> [REQUIREMENT]: What you return must match the records word for word, except that images are dropped.

=====

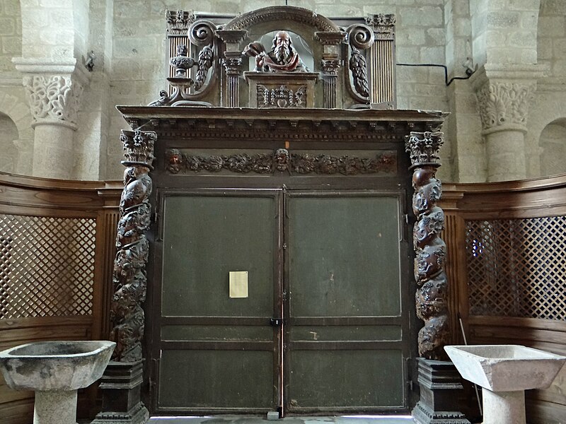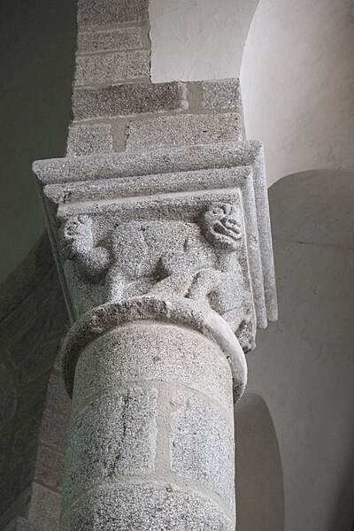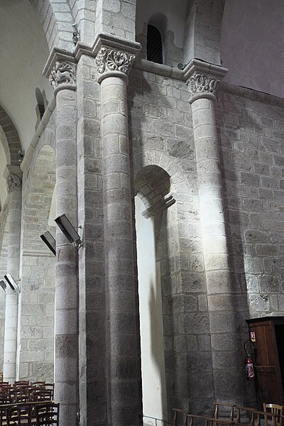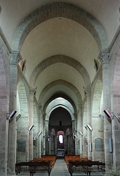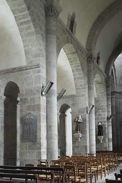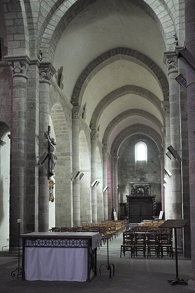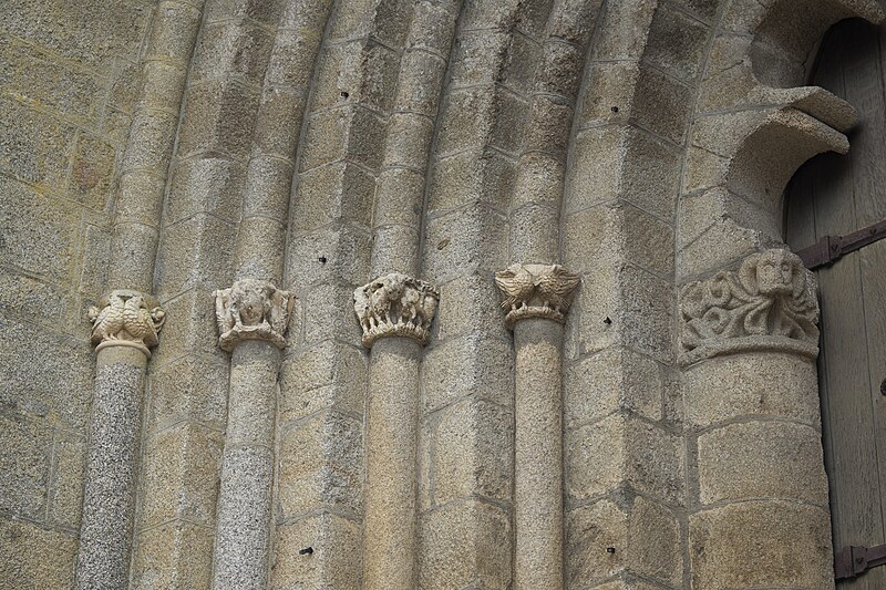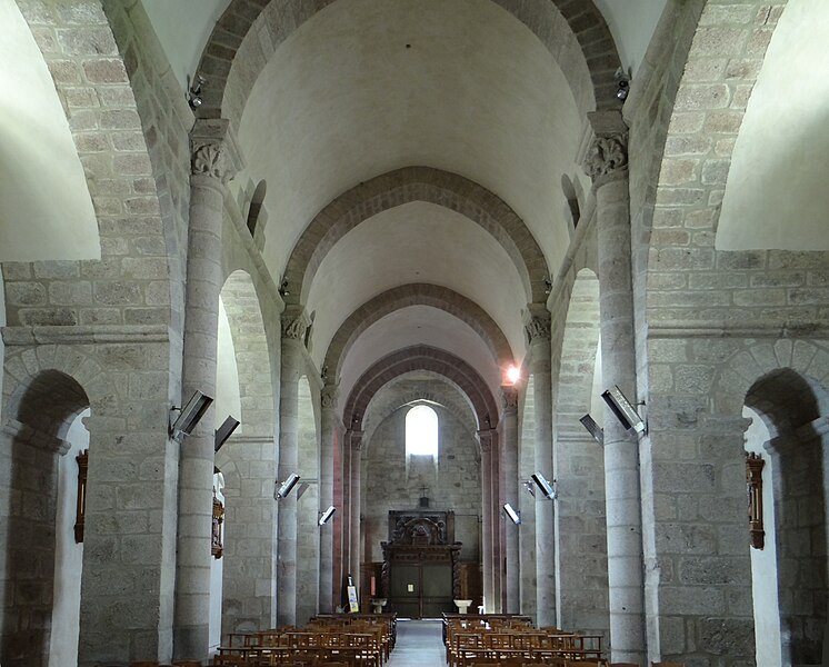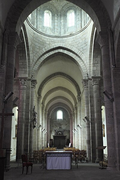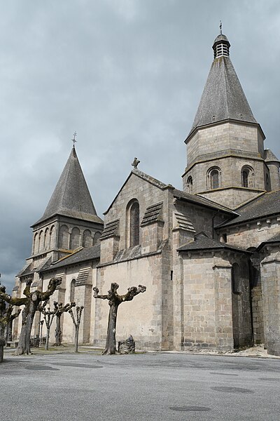 L'église Saint-Barthélemy se situe à Bénévent-l'Abbaye, dans la Creuse, sur la via Lemovicensis du chemin de Saint-Jacques-de-Compostelle. En 1028, un pèlerin offrit une partie des reliques de saint Barthélemy rapportées de Bénévent en Italie ; Dom Humbert, chanoine de Limoges, reçut ces reliques et les déposa dans l'église qu'il fit construire, consacrée cette même année. Le lieu, alors appelé Secondelas, prit alors le nom de Bénévent. La présence des reliques attira de nombreux pèlerins et ceux qui empruntaient la route de Compostelle. Une nouvelle église romane, plus vaste, fut édifiée au XIIe siècle en une seule campagne ; selon certaines sources, sa construction a pu s'étendre de 1120 à 1150. En 1458, l'église fut élevée au rang d'abbaye. Classée au titre des monuments historiques depuis 1862, elle a fait l'objet d'une restauration menée par l'architecte Paul Abadie, qui offrit à la fin des travaux un vitrail où il fit figurer ses armoiries au bas. Le porche comporte cinq voussures polylobées et évoque le style mozárabe. En parcourant les façades, on relève 145 modillons sculptés, souvent à têtes grimaçantes. L'intérieur présente une nef voûtée en berceau brisé couvrant quatre travées, flanquée de collatéraux très étroits et soutenue par d'imposants piliers. Trente-huit chapiteaux ornent l'édifice ; ceux du transept et du chœur sont sculptés de griffons, d'animaux grimaçants et de figures monstrueuses. La coupole à la croisée du transept masque l'emplacement de la tour octogonale. Le chevet s'ouvre par trois chapelles absidiales dédiées à sainte Anne, au Sacré-Cœur et à saint Joseph. Dans le croisillon nord se trouvent un gisant sous lequel reposent les restes de Dom Humbert, ainsi qu'une pierre tombale armoriée renfermant les restes de l'abbé de Naillac. Le croisillon sud abrite la chapelle Saint-Barthélemy, où un buste reliquaire du saint est placé sur l'autel, accompagné d'une statue en bois. Le portail, le chevet, plusieurs chapiteaux, le gisant et le vitrail du Christ portant les armoiries d'Abadie constituent des motifs fréquents de la documentation iconographique.
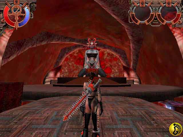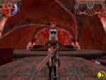 由传送点到了一条红色通道,沿着通道一直向上走,躲开两边的尖刺。消灭路上的机器人,到了尽头,跳进那张大嘴,打开门进去。走到中间狼牙滚轮旁边,先用抛石器在远处射击对面的开关,把门打开。然后再躲过中间的滚轮跑进去。走到尽头,看到对面的红色塑像(见图PIC11)。先把右边远处平台上的机器人干掉。你现在是不可能跳到对面的(不信你存盘试试)。而且你一跳上两边的圆形平台,那平台就开始快速下落。往右边下面看,有两个唱歌的白色小精灵,跟着它们,它们停在哪个平台上,就往哪个平台上跳。就这样跳啊跳,打开了周围的三个开关。当小精灵失踪的时候,你就可以跳上中央平台了。干掉两个SOUL
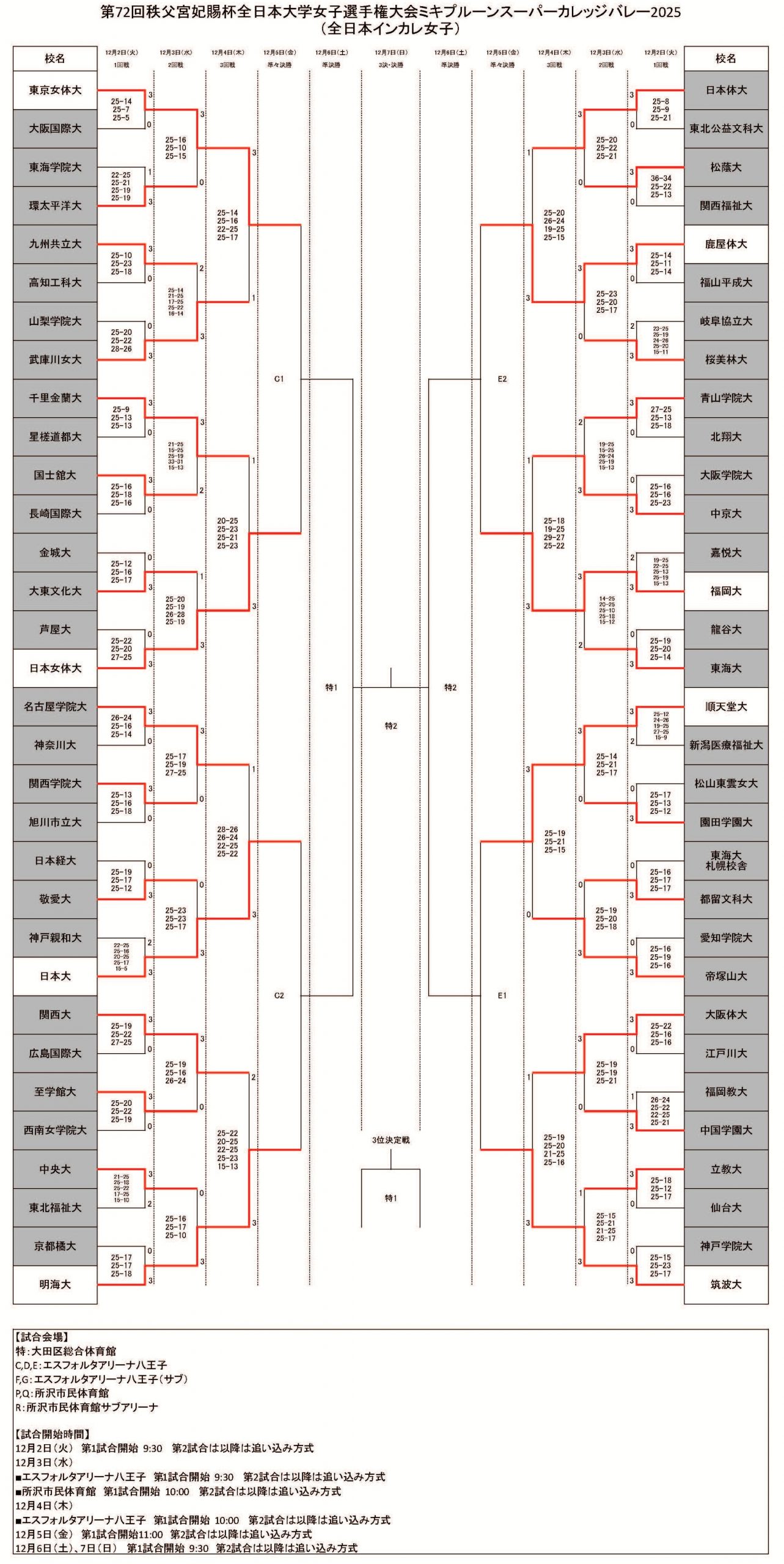 第72回秩父宮妃賜杯 全日本バレーボール大学女子選手権大会ミキプルーンスーパーカレッジバレー2025(全日本インカレ)の4日目、女子トーナメント3回戦の8試合が12月4日(木)にエスフォルタアリーナ八王子(東京)で行われた。
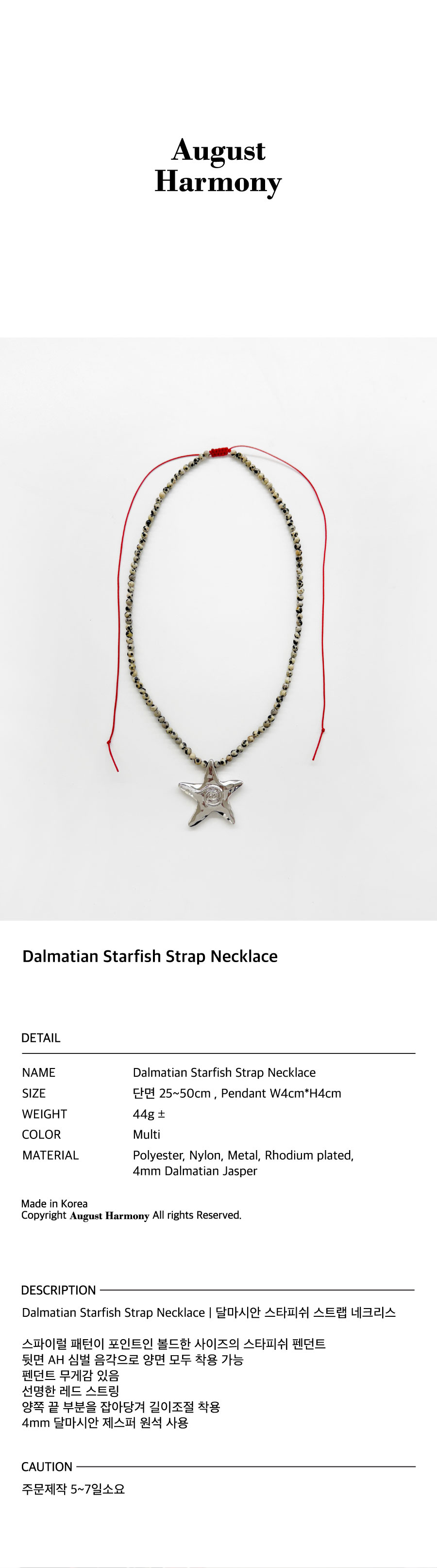 어거스트하모니 달마시안 스타피쉬 스트랩 네크리스
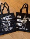 Black canvas tote bags with a different design on each side, for your carrying needs during the impending apocalypse. Forget those single-use plastic bags. Look stylish and don't lose your shit.
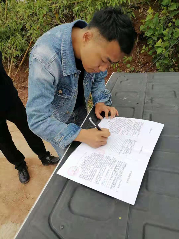 丹山供电所将隐患报送至雁江供电公司安监部门,雁江区电力执法大队队长曾友军率队到达现场,经勘查核实,位于田坎之上的电杆有所倾斜,的确存在倒杆风险。电力执法大队随即通知资阳市某农业投资开发公司负责人来到现场签署安全隐患告知书,要求施工方15日内消除隐患,确保公共用电安全。
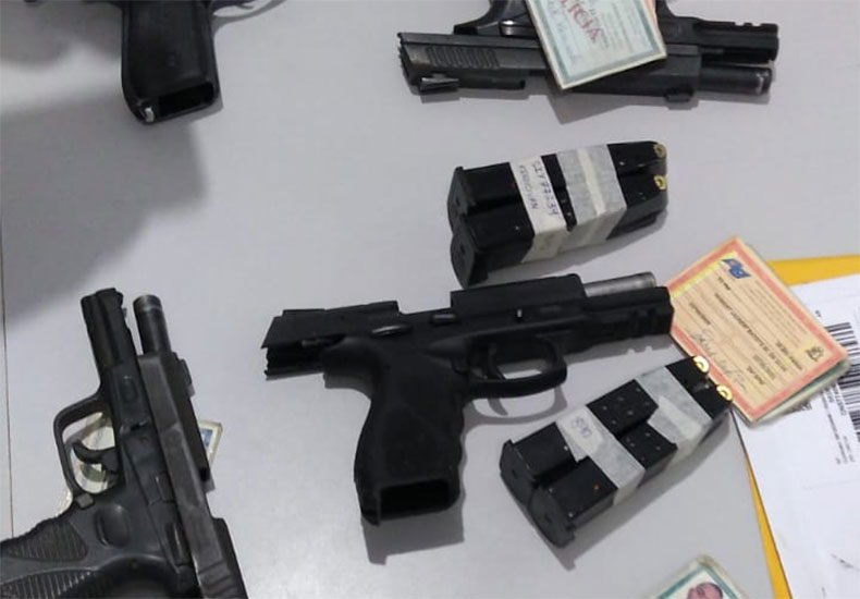Pistolas.40 pertecentes à Polícia Militar do Maranhão e carros usados para dar suporte ao grupo foram apreendidas.
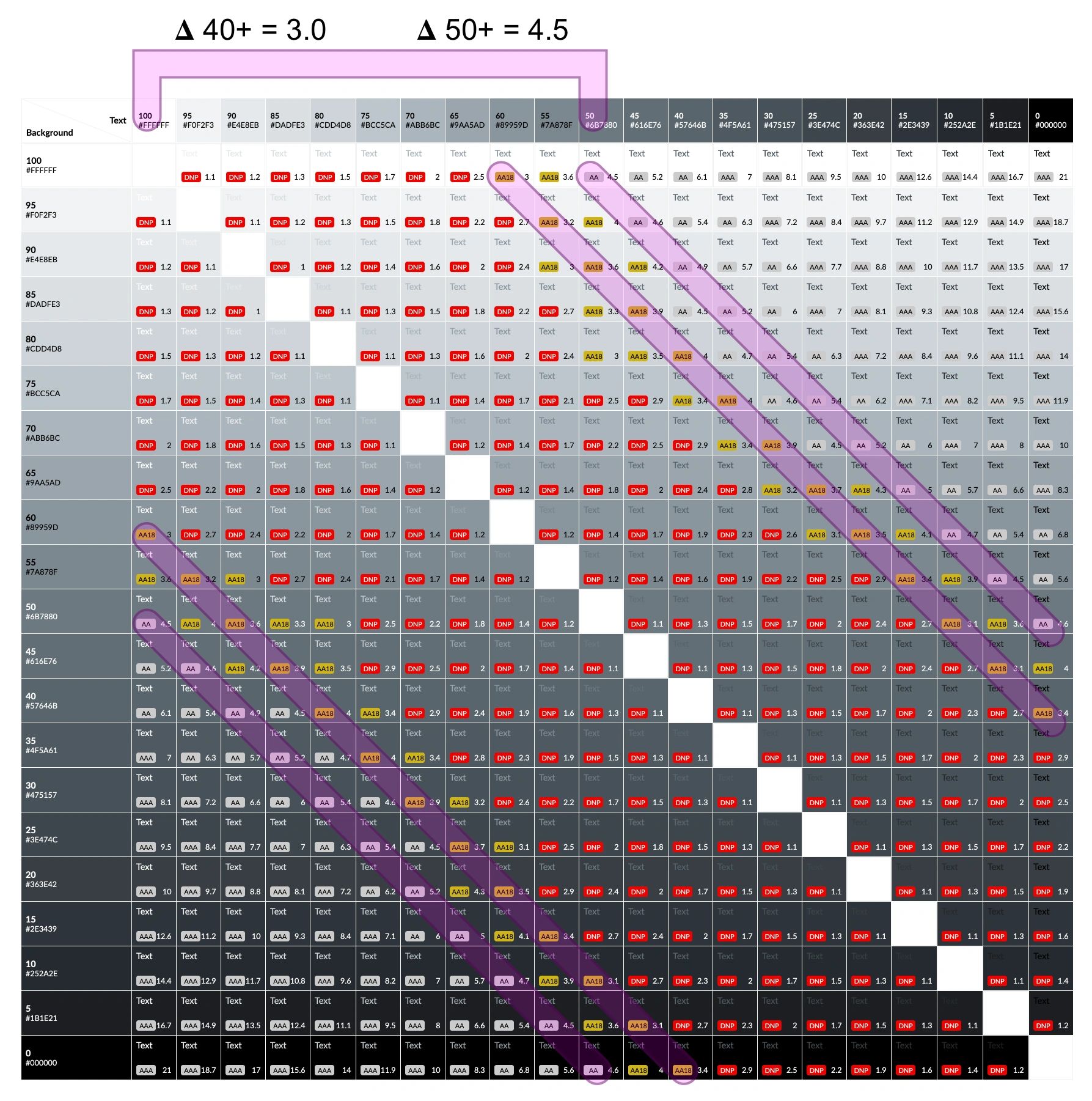 The beauty of this system is that each identically numbered color has the identical contrast ratio, regardless of hue or saturation. Additionally, the contrast ratios were carefully chosen so that any 2 colors with a difference of |40|+ will yield a contrast ratio of 3.0+, while a difference of |50|+ will always yield a ratio of 4.5+
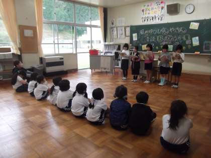 2年生が「風のゆうびんやさん」の音読発表会をしました。どんなところに気を付けて読むかを決め、練習してきたおかげで、とても上手に発表出来ました。1年生が真剣に聞いてくれました。頑張りに拍手です。
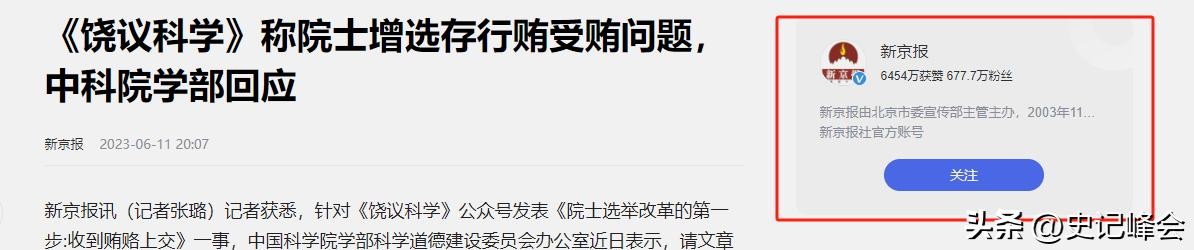 2023-06-11——新京报——首都医科大学校长饶毅发文称院士增选中有行贿受贿,中国科学院相关部门回应

=====

> [EXERCISE ANSWER]:
 L'église Saint-Barthélemy se situe à Bénévent-l'Abbaye, dans la Creuse, sur la via Lemovicensis du chemin de Saint-Jacques-de-Compostelle. En 1028, un pèlerin offrit une partie des reliques de saint Barthélemy rapportées de Bénévent en Italie ; Dom Humbert, chanoine de Limoges, reçut ces reliques et les déposa dans l'église qu'il fit construire, consacrée cette même année. Le lieu, alors appelé Secondelas, prit alors le nom de Bénévent. La présence des reliques attira de nombreux pèlerins et ceux qui empruntaient la route de Compostelle. Une nouvelle église romane, plus vaste, fut édifiée au XIIe siècle en une seule campagne ; selon certaines sources, sa construction a pu s'étendre de 1120 à 1150. En 1458, l'église fut élevée au rang d'abbaye. Classée au titre des monuments historiques depuis 1862, elle a fait l'objet d'une restauration menée par l'architecte Paul Abadie, qui offrit à la fin des travaux un vitrail où il fit figurer ses armoiries au bas. Le porche comporte cinq voussures polylobées et évoque le style mozárabe. En parcourant les façades, on relève 145 modillons sculptés, souvent à têtes grimaçantes. L'intérieur présente une nef voûtée en berceau brisé couvrant quatre travées, flanquée de collatéraux très étroits et soutenue par d'imposants piliers. Trente-huit chapiteaux ornent l'édifice ; ceux du transept et du chœur sont sculptés de griffons, d'animaux grimaçants et de figures monstrueuses. La coupole à la croisée du transept masque l'emplacement de la tour octogonale. Le chevet s'ouvre par trois chapelles absidiales dédiées à sainte Anne, au Sacré-Cœur et à saint Joseph. Dans le croisillon nord se trouvent un gisant sous lequel reposent les restes de Dom Humbert, ainsi qu'une pierre tombale armoriée renfermant les restes de l'abbé de Naillac. Le croisillon sud abrite la chapelle Saint-Barthélemy, où un buste reliquaire du saint est placé sur l'autel, accompagné d'une statue en bois. Le portail, le chevet, plusieurs chapiteaux, le gisant et le vitrail du Christ portant les armoiries d'Abadie constituent des motifs fréquents de la documentation iconographique.
 由传送点到了一条红色通道,沿着通道一直向上走,躲开两边的尖刺。消灭路上的机器人,到了尽头,跳进那张大嘴,打开门进去。走到中间狼牙滚轮旁边,先用抛石器在远处射击对面的开关,把门打开。然后再躲过中间的滚轮跑进去。走到尽头,看到对面的红色塑像(见图PIC11)。先把右边远处平台上的机器人干掉。你现在是不可能跳到对面的(不信你存盘试试)。而且你一跳上两边的圆形平台,那平台就开始快速下落。往右边下面看,有两个唱歌的白色小精灵,跟着它们,它们停在哪个平台上,就往哪个平台上跳。就这样跳啊跳,打开了周围的三个开关。当小精灵失踪的时候,你就可以跳上中央平台了。干掉两个SOUL
 第72回秩父宮妃賜杯 全日本バレーボール大学女子選手権大会ミキプルーンスーパーカレッジバレー2025(全日本インカレ)の4日目、女子トーナメント3回戦の8試合が12月4日(木)にエスフォルタアリーナ八王子(東京)で行われた。
 어거스트하모니 달마시안 스타피쉬 스트랩 네크리스
 Black canvas tote bags with a different design on each side, for your carrying needs during the impending apocalypse. Forget those single-use plastic bags. Look stylish and don't lose your shit.
 丹山供电所将隐患报送至雁江供电公司安监部门,雁江区电力执法大队队长曾友军率队到达现场,经勘查核实,位于田坎之上的电杆有所倾斜,的确存在倒杆风险。电力执法大队随即通知资阳市某农业投资开发公司负责人来到现场签署安全隐患告知书,要求施工方15日内消除隐患,确保公共用电安全。
Pistolas.40 pertecentes à Polícia Militar do Maranhão e carros usados para dar suporte ao grupo foram apreendidas.
 The beauty of this system is that each identically numbered color has the identical contrast ratio, regardless of hue or saturation. Additionally, the contrast ratios were carefully chosen so that any 2 colors with a difference of |40|+ will yield a contrast ratio of 3.0+, while a difference of |50|+ will always yield a ratio of 4.5+
 2年生が「風のゆうびんやさん」の音読発表会をしました。どんなところに気を付けて読むかを決め、練習してきたおかげで、とても上手に発表出来ました。1年生が真剣に聞いてくれました。頑張りに拍手です。
 2023-06-11——新京报——首都医科大学校长饶毅发文称院士增选中有行贿受贿,中国科学院相关部门回应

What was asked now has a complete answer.